The Consolation of Solitary Sports

transcript, with some slides, of a talk for University Mental Health Awareness Day – there is a full video, including questions, here. You can download a pdf of the words here. Many thanks to Verity for permission to reproduce her words and her photos.

The Consolation of Solitary Sports

Dan Holloway and Verity Westgate

 lunch-talk

Introduction

It is somewhere between midnight and 1. It is three hours since I watched the last streaks of daylight disappear and it will be three hours more before I see them again. I have just a bubble of light a few feet wide in which every moth on the Ridgeway has come to join me.

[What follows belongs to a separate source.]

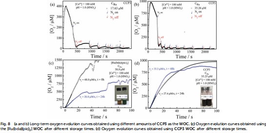 活性比較:監測不同CCPs的氧氣產生曲線(如CCP3優于CCP2),結合接觸角數據(Fig. 7),揭示親水性對活性的影響。

On the horizon maybe I make out the glow of a floodlight and the hum of a generator marking one of the tiny occasional outposts that provide warm tea, cold, flat coke, and a miniature cornucopia of sugary salty goodness before I disappear back into the night.

I have been running for around 16 hours. I will be running for several more. When the hedgerows clear and the perspective is right I may see the occasional torch in the distance. More often, on the soft summer breeze I hear a rustle. Not so long ago water drenched desperate burning bodies and buffs and bags were deployed as futile shields, but after dark in July the temperature falls away like a cliff and those who ditched all but vests by day struggle, as running turns to a slow walk, to retain any warmth they can with foil blankets that provide the only reminder that hundreds of shredded bodies stretch over tens of miles.

Every time my feet hit the ground, pain shoots across the sole and up the side of my calf. At least one toenail is loose, and much of the skin is rubbed raw. I am so utterly exhausted my mind has stopped wandering anywhere but the footfall in front of me and the struggle on the rutted rounded path to stay upright, not from fear of injury but because the effort of hauling myself up from one more fall is more effort than my muscles can bear.

It is at this moment I begin to sob. Loudly and uncontrollably. Not from the pain; not from the despair; but because for one of the only times in years I realise I am, in this moment, truly and absolutely happy.

2015-rtts

Context

Exercise and mental health are regular bedfellows in our conversations. But if we treat their relationship too glibly, we can end in some uncomfortable places. So it is important to begin by explaining very briefly what I am not going to say.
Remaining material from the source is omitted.